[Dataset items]
=======

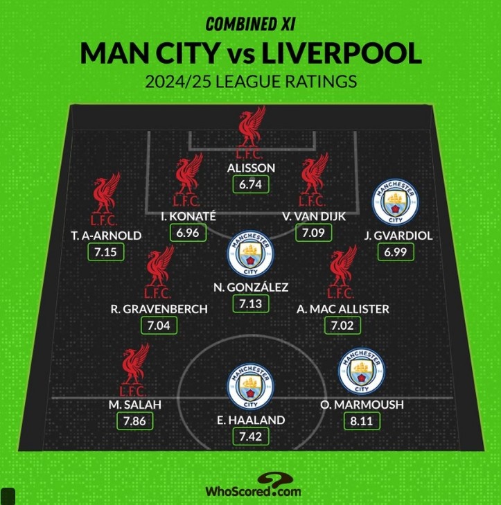 2月23日訊 本輪英超將迎來曼城與利物浦的對決,數(shù)據(jù)網(wǎng)站W(wǎng)hoscored也盤點(diǎn)了兩隊球員在本賽季聯(lián)賽評分最高陣容,具體如下:
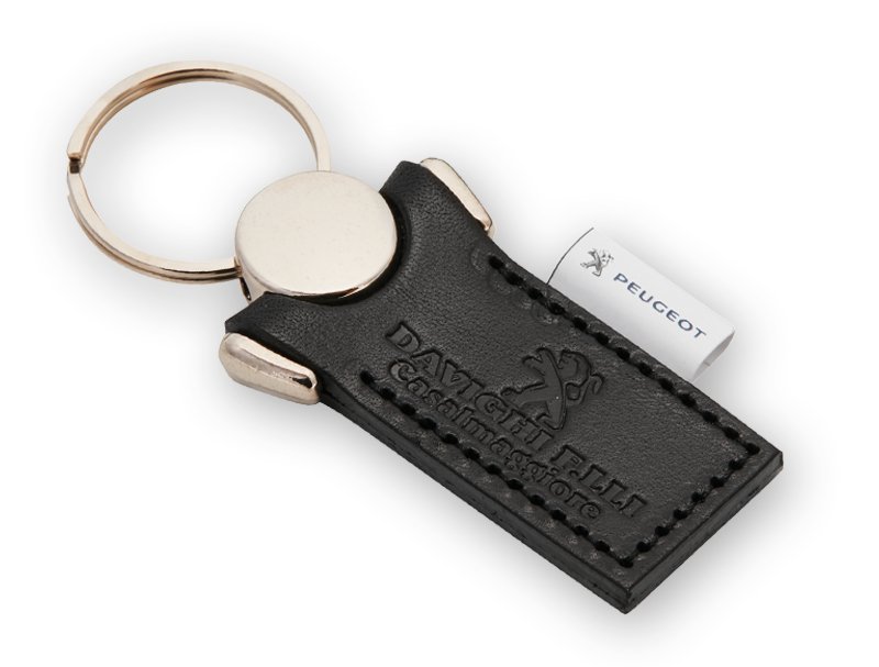 Portachiavi in cuoio con bandierina in raso personalizzabile
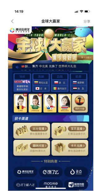 除此以外,应用宝还加入陌陌联合打造《金球大赢家》,参与者只要通过应用宝、陌陌等多个平台进行金球卡的收集,集齐32张金球卡就有机会获取5万元大奖,为大众营造“助威”的互动场景创造助威体验。
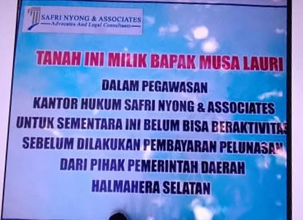 BeritaBaru.Com.Halmahera SelatanTanah milik Bapak Musa Lauri yang berlokasi di Desa Marabosse, Kabupaten Halmahera Selatan, kini berada dalam pengawasan resmi Kantor Hukum Safri Nyong & Associates. Pihak kuasa hukum menegaskan, untuk sementara waktu, lahan tersebut tidak boleh dijadikan objek kegiatan apapun, termasuk pengukuran, pematokan, pembangunan, atau bentuk aktivitas lain yang dapat mengubah status quo tanah tersebut.
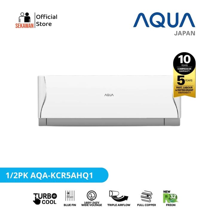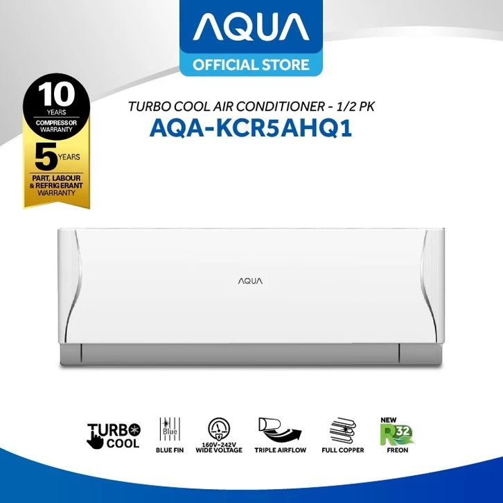 AC AQUA JAPAN AQA-KCR5FQDL NEW AC 0.5 PK STANDARD 360W-R32 FAST COOLING WITH TRIPLE AIRFLOW+ ANTI CORROSION - 1/2 PK
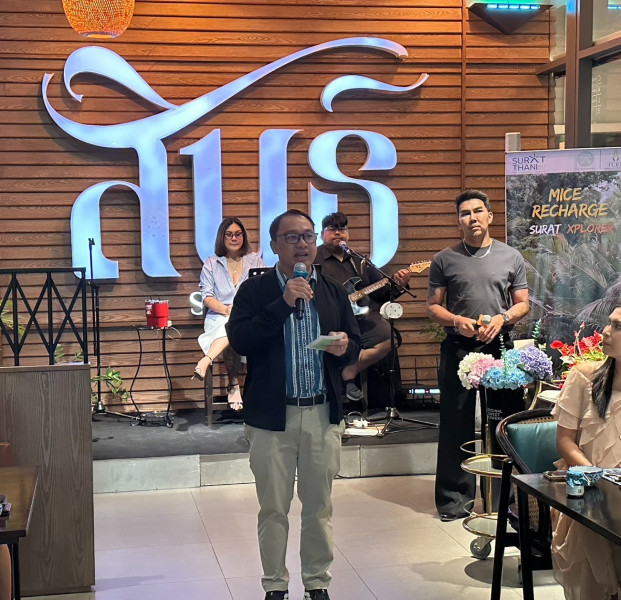 นายบันดาล สถิรชวาล รองผู้ว่าราชการจังหวัดสุราษฎร์ธานี กล่าวต้อนรับกิจกรรม Networking Dinner ภายใต้โครงการบูรณาการส่งเสริมการท่องเที่ยวเชิงธุรกิจ: ไมซ์สร้างสรรค์ รวมพลังชุมชนภาคใต้ ณ ร้านสินธุ์ จังหวัดสุราษฎร์ธานี
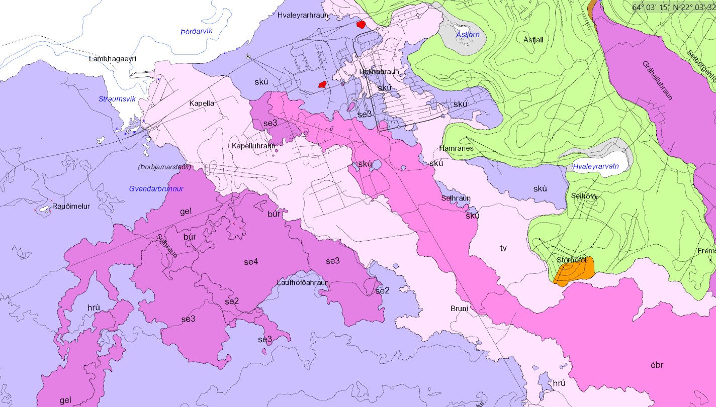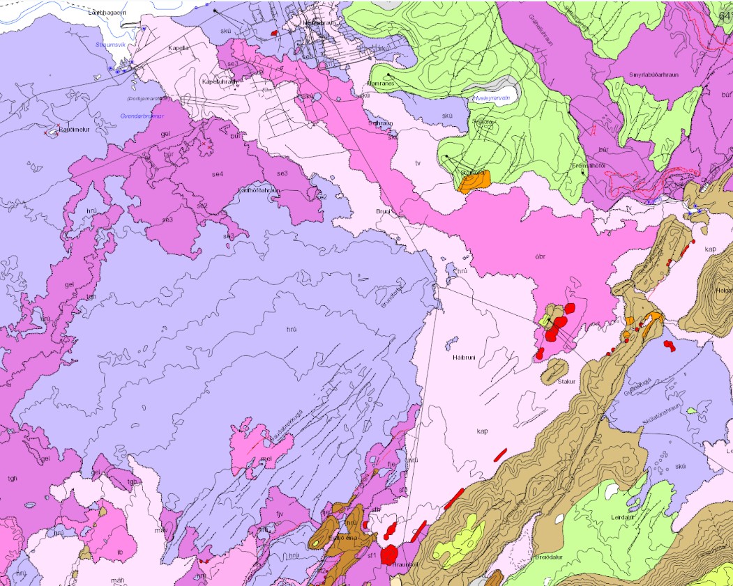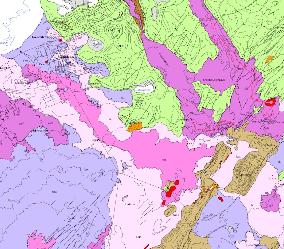 Þegar skoðað er jarðfræðikort ÍSOR, unnið af margfróðu fólki á löngum tíma, af Reykjanesskaga er áhugavert að skoða helstu hraunin ofan Hafnarfjarðar, sérstaklega í hinu sögulega samhengi þeirra. Hraununum eru gefin nafngiftirnar kap, gel, búr, se, óbr, skú, tv og stó. Þetta eru skammstafnir yfir „Kapelluhraun, „Geldingahraun“, Búrfellshraun“, Selhraun“, Óbrinnishólahraun“, „Skúlatúnshraun“, „Tvíbollahraun“, „Stórabollahraun“ og ekki síst meginhraunið „Hrútagjárdyngjuhraun. Hellnahraunin, eldra og yngra virðast vera samheiti yfir Stórabolla- og Tvíbollahraunin, sem runnu með u.þ.b. 1000 ára millibili.
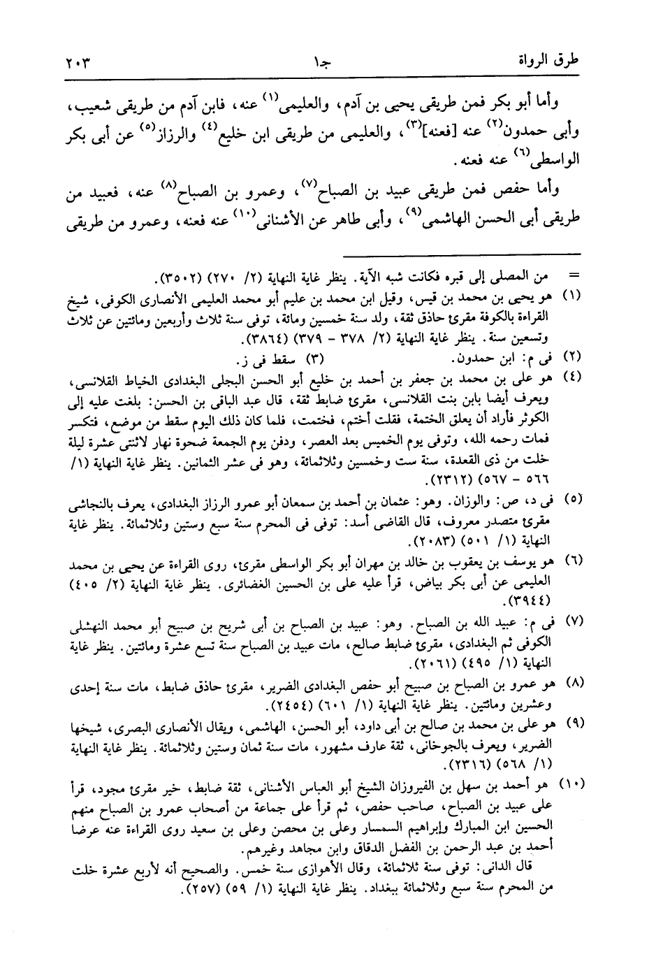 (¬10) هو أحمد بن سهل بن الفيروزان الشيخ أبو العباس الأشنانى، ثقة ضابط، خير مقرئ مجود، قرأ على عبيد بن الصباح، صاحب حفص، ثم قرأ على جماعة من أصحاب عمرو بن الصباح منهم الحسين ابن المبارك وإبراهيم السمسار وعلى بن محصن وعلى بن سعيد روى القراءة عنه عرضا أحمد بن عبد الرحمن بن الفضل الدقاق وابن مجاهد وغيرهم.
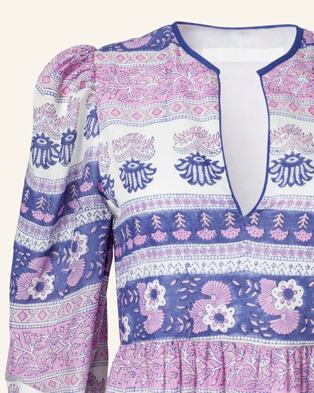 This one-of-a-kind textile was block-printed by hand. Subtle printing and dye variations are part of the unique beauty of the garment and a signature of the artisan’s hand.
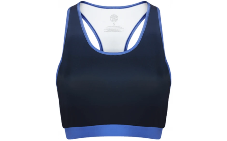 Die speziell angefertigte Sportswear für fitnessbegeisterte Frauen von Golds Gym ist hochwertig und sehr komfortabel. Das Golds Gym Sublimate Crop Top in navy ist ein baufreies Oberteil welches perfekt mit der Ladies Long Gym Leggings kombiniert werden kann. Aufgrund der Hauptfarbe navy / dunkelblau kann das Top mit unglaublich vielen Kleidungsstücken kombiniert werden. Ob einfach nur als Short Top oder als Sport-Bustier unter einem Top.
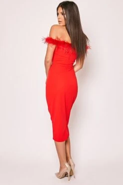 Analeigh – Red Off The Shoulder Feather Trim Bodycon Midi Dress
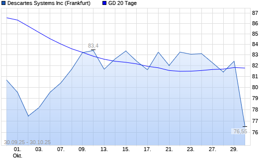 Mit dem Anstieg auf 82,40 EUR hat die Descartes Systems-Aktie am 29.10.2025 die 20-Tage-Linie nach oben gekreuzt.
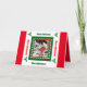 Eu projetei este cartão usando minha própria fotografia… isso de um homem cardinal do norte que senta-se em um ramo coberto de neve. Eu adicionei um fundo do vermelho para misturar-se com o design total do vermelho e do verde. As características internas um fundo vermelho com texto branco e um verso que do Natal você pode personalizar.
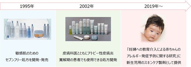 本試験で提供したスキンケア製剤は、25年以上になる当社の敏感肌に向けた研究が応用されています。1995年に発売された敏感肌向けのセブンフリー処方(刺激になりうる7つの成分種をできる限り低減した処方)を実現した製剤・保証研究をはじめ、2002年には皮膚科医と連携してアトピー性皮膚炎の寛解期(一時的に症状がおさまっている状態)の患者でも使用できることを確かめたスキンケア処方を開発しました(図3)。このような研究知見を応用したのが今回のスキンケア製剤であり、生まれたばかりの新生児の肌でも安全に使用できることを確認することができました。
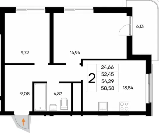 Квартира: 2 к 58,58 кв.м., 4 этаж в комплексе Новый Судак, 1 очередь, корп.1, сдача: 4кв. , этажей: 9, адрес Судак г., Судак р-н, д. ул. Яблонева, Застройщик: Интерстрой.
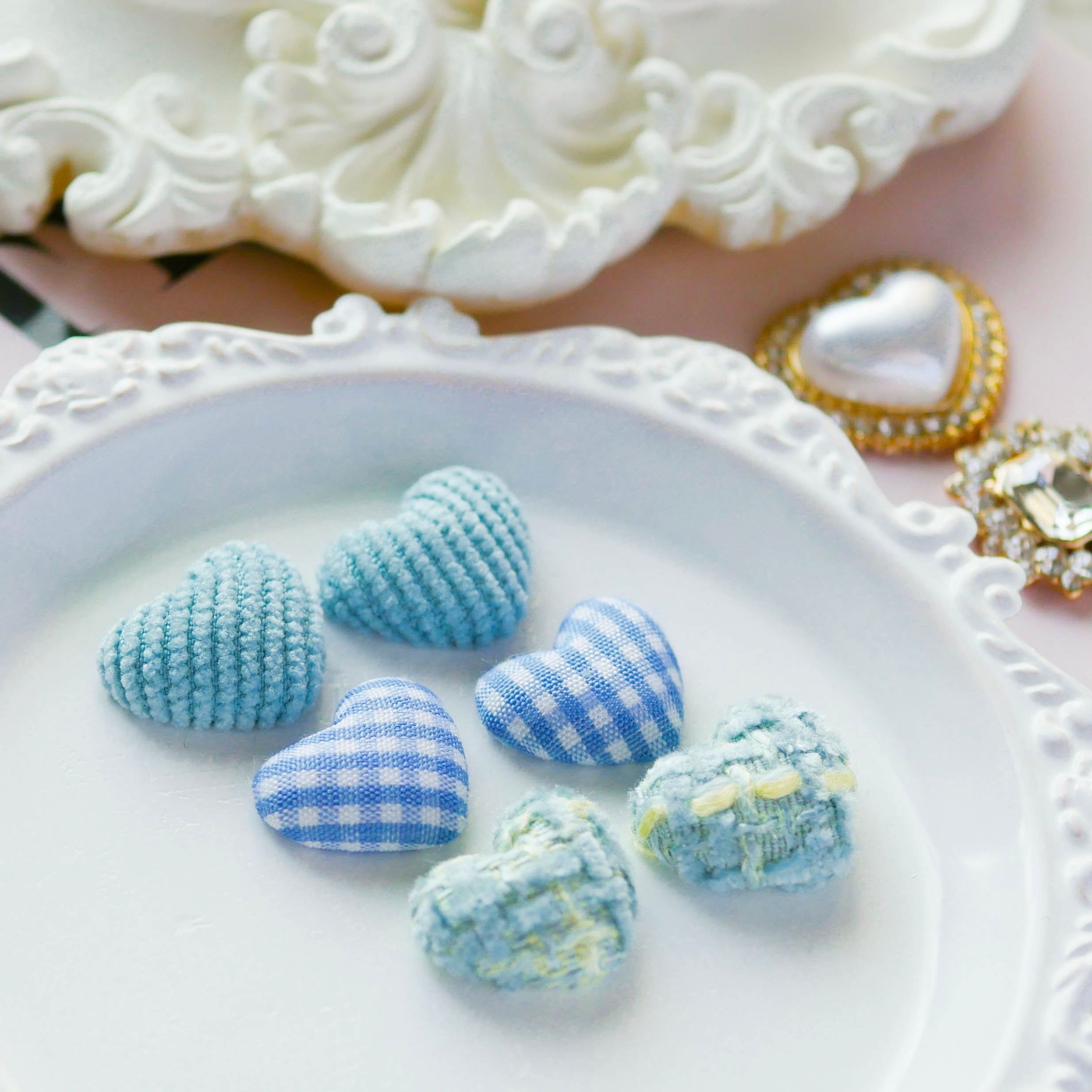 《blue》カラーで揃えたハート型カボションパーツになります。

=======

[Requirement]
When you reach the line containing "Portachiavi in cuoio" in the entries above, begin restating word for word, and stop once the line containing "Þegar skoðað er" has been given. Omit the pictures.

[Finished task]
 Portachiavi in cuoio con bandierina in raso personalizzabile
 除此以外,应用宝还加入陌陌联合打造《金球大赢家》,参与者只要通过应用宝、陌陌等多个平台进行金球卡的收集,集齐32张金球卡就有机会获取5万元大奖,为大众营造“助威”的互动场景创造助威体验。
 BeritaBaru.Com.Halmahera SelatanTanah milik Bapak Musa Lauri yang berlokasi di Desa Marabosse, Kabupaten Halmahera Selatan, kini berada dalam pengawasan resmi Kantor Hukum Safri Nyong & Associates. Pihak kuasa hukum menegaskan, untuk sementara waktu, lahan tersebut tidak boleh dijadikan objek kegiatan apapun, termasuk pengukuran, pematokan, pembangunan, atau bentuk aktivitas lain yang dapat mengubah status quo tanah tersebut.
 AC AQUA JAPAN AQA-KCR5FQDL NEW AC 0.5 PK STANDARD 360W-R32 FAST COOLING WITH TRIPLE AIRFLOW+ ANTI CORROSION - 1/2 PK
 นายบันดาล สถิรชวาล รองผู้ว่าราชการจังหวัดสุราษฎร์ธานี กล่าวต้อนรับกิจกรรม Networking Dinner ภายใต้โครงการบูรณาการส่งเสริมการท่องเที่ยวเชิงธุรกิจ: ไมซ์สร้างสรรค์ รวมพลังชุมชนภาคใต้ ณ ร้านสินธุ์ จังหวัดสุราษฎร์ธานี
 Þegar skoðað er jarðfræðikort ÍSOR, unnið af margfróðu fólki á löngum tíma, af Reykjanesskaga er áhugavert að skoða helstu hraunin ofan Hafnarfjarðar, sérstaklega í hinu sögulega samhengi þeirra. Hraununum eru gefin nafngiftirnar kap, gel, búr, se, óbr, skú, tv og stó. Þetta eru skammstafnir yfir „Kapelluhraun, „Geldingahraun“, Búrfellshraun“, Selhraun“, Óbrinnishólahraun“, „Skúlatúnshraun“, „Tvíbollahraun“, „Stórabollahraun“ og ekki síst meginhraunið „Hrútagjárdyngjuhraun. Hellnahraunin, eldra og yngra virðast vera samheiti yfir Stórabolla- og Tvíbollahraunin, sem runnu með u.þ.b. 1000 ára millibili.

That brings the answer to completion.